For months now Yamaha has looked to strike a delicate balance between continued development of its current inline-four engined M1 bike and the new V4 project, and this has paid dividends for the in-weekend performance this year - with Fabio Quartararo often capitalising on its much-improved qualifying potential and coming within a handful of laps of winning the British Grand Prix.
Quartararo, though, has been clear in his public messaging that the V4 should be already the short-term future - even ahead of the long-assumed switch to that engine configuration for the 850cc unit in 2027. And this appears to be a stance shared by figures including test rider Augusto Fernandez.
So why hasn't a formal commitment been made, and a full switch taken place to V4 development?
A lot of it appears to be caution over whether the V4 bike can definitely be brought up to the requisite competitive level in the allotted time. Alex Rins revealed at the Sachsenring that during a recent private test at Brno, the site of this weekend's MotoGP round, the V4's best lap was two seconds off the current bike.

In MotoGP parlance, this is an eternity. "I heard some positive things, but for me what really matters is about the laptime and the laptime is still super slow with the V4," Quartararo had summed up - even though his apparent stance remains that Yamaha would be wise to pursue this V4 2026 reset.
Test rider Fernandez, running as a wildcard this weekend for the Czech Grand Prix's return, offered a fairly comprehensive update on where the V4 stands in his Thursday media session.
His and the test team's focus is now "more and more on the V4", he admitted, but he said they needed "to accelerate the process".
"Because if we want to race with the V4 next year, we still need to do a lot of work," he said.
"The last test, it's not the full package still. The engine is not the full one. Everything is just very early, for everything.

"We've got the first chassis...we are getting new things but we need to accelerate the process, is what I want to say. It's looking good. It looks very positive, everything, but still not fast enough. That's what will decide [the plan] for next year.
"So, let's see if in the next months, during this summer we have some tests, to try to accelerate the process and have the bike ready for the end of the season."
Asked by The Race whether it was clear where more laptime would come next, Fernandez revealed that the V4 engine is running detuned right now.
"From Japan, they don't give us all the power that the engine can give.
"For me, they want to understand very well without breaking everything. They give us [more power] little by little. In Japan, things are done like that, no? They want to understand very well the things. Nothing against that.
"At some point, we will need to see which one is faster in terms of laptime. It's what will decide. But there's no negative, it's nothing - we just need to see better laptimes. We're doing a good job, I think Yamaha is doing a good job, it will be a good bike, but we will see."

Fernandez said it has a very different balance to the current M1 and that it "looks like it has better potential".
He said it was "not similar" to the other V4 he's experienced in MotoGP, the KTM RC16 version.

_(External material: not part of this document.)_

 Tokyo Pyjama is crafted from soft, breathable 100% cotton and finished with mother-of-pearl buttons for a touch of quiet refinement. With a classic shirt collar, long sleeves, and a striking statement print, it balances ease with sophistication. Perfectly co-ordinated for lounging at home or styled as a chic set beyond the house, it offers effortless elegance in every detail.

"They are following their own way. A Yamaha V4, [that] is the project. And with my experience, short experience, and Dovi's [fellow test rider Andrea Dovizioso's] one with that kind of bike, I think it's a good mix, it's a good package, to see the direction.
"But this is a particular V4. A Yamaha V4."

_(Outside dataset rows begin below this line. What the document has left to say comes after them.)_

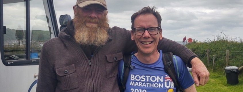 To keep his costs down Geraint’s sleeping rough. Not a problem for him, as he once spent four years living in a tent in the woods in Scotland (yes in the winter too!). He once woke up scared he was dying as he couldn’t breathe, but it turned out his beard had frozen across his mouth, it was that cold. I looked at his wind-battered face and calloused hands and told him trying to sleep on benches and the like would do me in. “Yeah, I feel like I’m 105” he said (he’s 51). “Have you got a mat?”, “yeah, I’ve got one on my pack”, gesturing slightly at all his worldly goods lying on the grass outside. “What about a pillow?”, “nah, I roll up my coat”. All of this was very understated, all in a day’s work. He’s clearly one tough bloke. Ju and I have sold/given away most of our stuff over the years and lived in small spaces for a decade. Ju’s marathoned and I’ve run the odd ultramarathon. It’s all been an absolute piece of cake compared with how Geraint lives. Humbling stuff.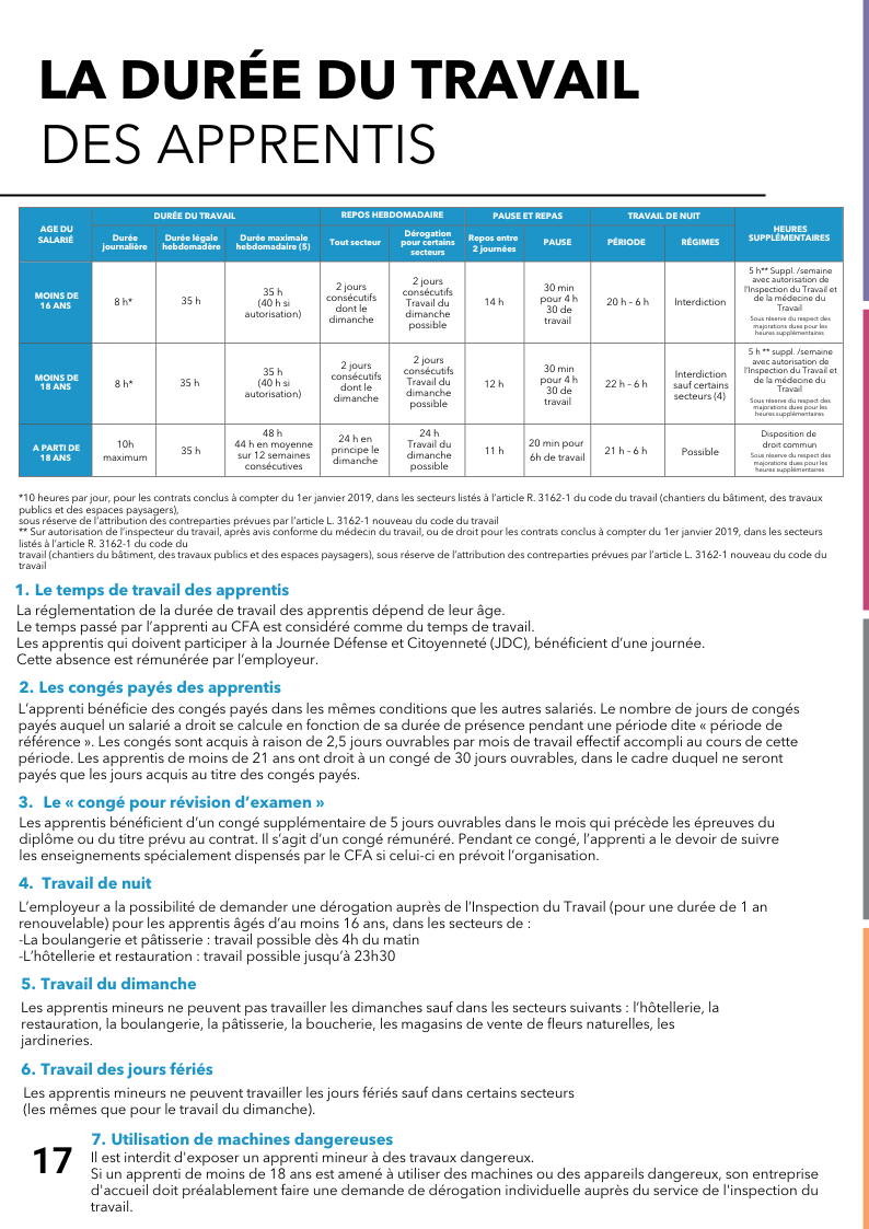 · Les apprentis de moins de 18 ans bénéficient de deux jours de repos consécutifs par semaine.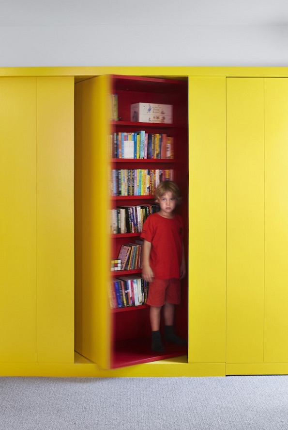 Овие полици освен што служат за редење книги, имаат и своја забавна страна: Малата библиотека која е на ниво на земјата се врти, па води во детската соба на горниот кат. Овие интересни полици биле дизајнирани од архитектот Мет Вајт за неговото семејство.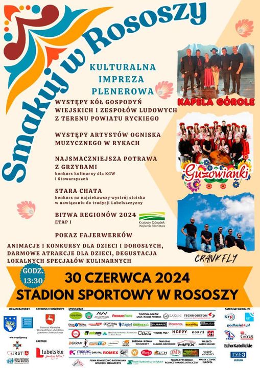 Zapraszamy na kulturalne wydarzenie plenerowe „Smakuj w Rososzy”. Wydarzenie odbędzie się 30 czerwca 2024r. od godz. 13:30 na Stadionie Sportowym w Rososzy. W ramach wydarzenia odbędą się: Konkursy Kół Gospodyń Wiejskich , bezpłatne atrakcje i animacje dla dzieci, degustacja lokalnych specjałów kulinarnych, zabawy i gry sportowe, występy lokalnych zespołów śpiewaczych i KGW oraz uczestników Ogniska Muzycznego w Rykach, także koncert zespołów Crank Fly, Guzowianki oraz Kapela Górole

Asked by The Race whether the easiest way of "accelerating the process" is simply pivoting harder away from any M1 development, Fernandez said: "This will happen, this will happen. I've been working on the V4 more and more in the last tests.
"Of course without forgetting our M1. But we are at the end of the M1 project. Everyone in Yamaha is fully focused on the V4 right now. But we need a little bit more time."
The idea of a straight laptime-versus-laptime shootout between the two bikes is difficult to accept at face value. Surely, if the V4 is at all close enough over the next few months, it will get the nod as the 2026 Yamaha choice.
But the definition of 'close enough' is what then becomes the point of intrigue.
In Yamaha's case, it is surely Quartararo's specific definition that will count - or should count - the most.